I have a Leslie 101 project this week getting four Celestion G12's and an upgraded upper rotor as it progresses.
(From Captain Foldback's wonderful site at: http://www.captain-foldback.com/Hammo...
The Series 10 Tone Cabinet - 60W of fun! This nifty 1966 cabinet was to be the successor to the aging design of the PR-40. The Series 10, however, did not have built in reverb thus relying on the console reverberation of the newer Hammond organs such as E-100, H-100 (also X-1000 and HX-100 - the special versions of the H-1XX series) and T-100. The cabinet was essentially stereo with a derived bass channel; much like in the H-100 internal speaker system.

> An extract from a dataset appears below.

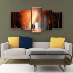 Tamanho total: 129cm comprimento X 61cm altura Peças menores: 25x40 cm Peças médias: 25x50 cm Peça central: 25x61 cm Espaçamento entre as peças: 1 cm A instalação é bem simples, pois utilizamos o método tradicional, pendurado com preguinhos. Acompanha um gabarito para facilitar a aplicação. A aplicação com o gabarito que enviamos é prática e rápida. Para limpeza, utilize apenas um pano umedecido com água sem produtos químicos para garantir a durabilidade. Nossos quadros são impressos em vinil semi-fosco de alta qualidade, aplicado em Madeira MDF com espessura de 6mm + base de madeira MDF de 9mm Total 15mm Não necessita de moldura, pois o acabamento das bordas/laterais é feito com a própria imagem impressa. Impressão em alta qualidade. Imagens em HD Alta Definição Mínimo de 12000 pixels. Marca: Imperio Dos Quadros Ean: 7898667105373

How the stereo was utilized depended on the organ the Series 10 was connected to. The H-100 had a stereo output with phase shifted signals derived from the dual scanner system inside the organ - i.e. the closest you can get to a 'true' stereo system. If you connected the Series 10 cabinet to an E-100 you would get 'treble direct' and 'treble reverb' in the two channels, much like in the older PR-cabinets. (I'm sure the Series 10 cab would work with older Hammonds such as A-100 and M-100 too).

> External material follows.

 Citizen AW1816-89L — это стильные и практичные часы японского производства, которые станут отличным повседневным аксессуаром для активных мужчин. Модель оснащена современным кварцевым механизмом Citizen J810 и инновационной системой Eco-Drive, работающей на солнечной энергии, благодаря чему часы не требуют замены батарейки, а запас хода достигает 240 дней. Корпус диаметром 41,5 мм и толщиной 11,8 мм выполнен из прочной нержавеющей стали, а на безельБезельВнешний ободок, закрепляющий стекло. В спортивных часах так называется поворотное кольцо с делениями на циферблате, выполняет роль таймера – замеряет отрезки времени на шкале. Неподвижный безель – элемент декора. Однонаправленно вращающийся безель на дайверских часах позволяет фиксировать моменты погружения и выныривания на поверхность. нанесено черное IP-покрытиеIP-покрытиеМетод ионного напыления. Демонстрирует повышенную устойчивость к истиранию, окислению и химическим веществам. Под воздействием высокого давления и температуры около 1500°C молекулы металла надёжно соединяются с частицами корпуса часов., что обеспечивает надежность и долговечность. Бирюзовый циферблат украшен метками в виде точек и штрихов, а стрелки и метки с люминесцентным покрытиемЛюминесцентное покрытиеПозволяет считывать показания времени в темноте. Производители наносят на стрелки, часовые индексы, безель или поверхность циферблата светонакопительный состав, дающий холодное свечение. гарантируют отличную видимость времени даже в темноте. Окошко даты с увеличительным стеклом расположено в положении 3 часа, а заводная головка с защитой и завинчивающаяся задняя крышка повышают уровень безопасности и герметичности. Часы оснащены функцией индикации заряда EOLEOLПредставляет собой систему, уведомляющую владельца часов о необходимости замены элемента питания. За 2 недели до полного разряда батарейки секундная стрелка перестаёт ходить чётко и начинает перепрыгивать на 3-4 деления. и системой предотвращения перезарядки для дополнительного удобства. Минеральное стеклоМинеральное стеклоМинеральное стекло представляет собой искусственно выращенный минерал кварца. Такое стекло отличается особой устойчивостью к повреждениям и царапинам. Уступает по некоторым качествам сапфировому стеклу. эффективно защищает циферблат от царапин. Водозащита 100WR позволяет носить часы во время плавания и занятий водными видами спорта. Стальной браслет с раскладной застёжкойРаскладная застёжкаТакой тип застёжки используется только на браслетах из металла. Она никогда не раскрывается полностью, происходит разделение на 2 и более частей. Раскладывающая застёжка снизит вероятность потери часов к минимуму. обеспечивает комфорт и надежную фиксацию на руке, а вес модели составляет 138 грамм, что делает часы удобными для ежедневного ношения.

The R-100 organ had a 'Main' and a 'Leslie' channel each with its own power amplifier inside the console. Both channels were connected to the Series 10 socket and either channel could have reverb, depending on the tab settings at the console. Normally the 'Leslie' channel was filtered, creating a sort of stereo effect, but if the 'Leslie Chorus' tab was selected, the signal fed to the 'Leslie' channel was the same as for the 'Main'.

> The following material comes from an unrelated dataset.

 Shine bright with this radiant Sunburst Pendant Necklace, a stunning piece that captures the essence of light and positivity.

The T-series spinets had an output socket for the Series 10 cabinet, but you would not get any stereo effect because the output from this type of organ is a mono signal, and the two channels would therefore simply be wired together (this does not include the T-500 series version which had a two channel output - but not for the Series 10 cabinet).
The interface from the organ to the Series 10 cab was the 'worst ever' as far as plugs and sockets are concerned. The system consisted of a 7-pin Amphenol plug with two pins removed and two holes in place of them, and a mating socket where two of the holes had been given two pins that stuck out and would mate with the two holes in the plug. One can only guess whether this was Hammond's last attempt to make the organs 'Leslie-safe'. At any rate, Leslie quickly made connector kits for this special 7-pin system so whatever plans they had at the Hammond offices in Chicago were not having much impact.
The pin-out of the Series 10 plug is described in the Leslie pin-outs section.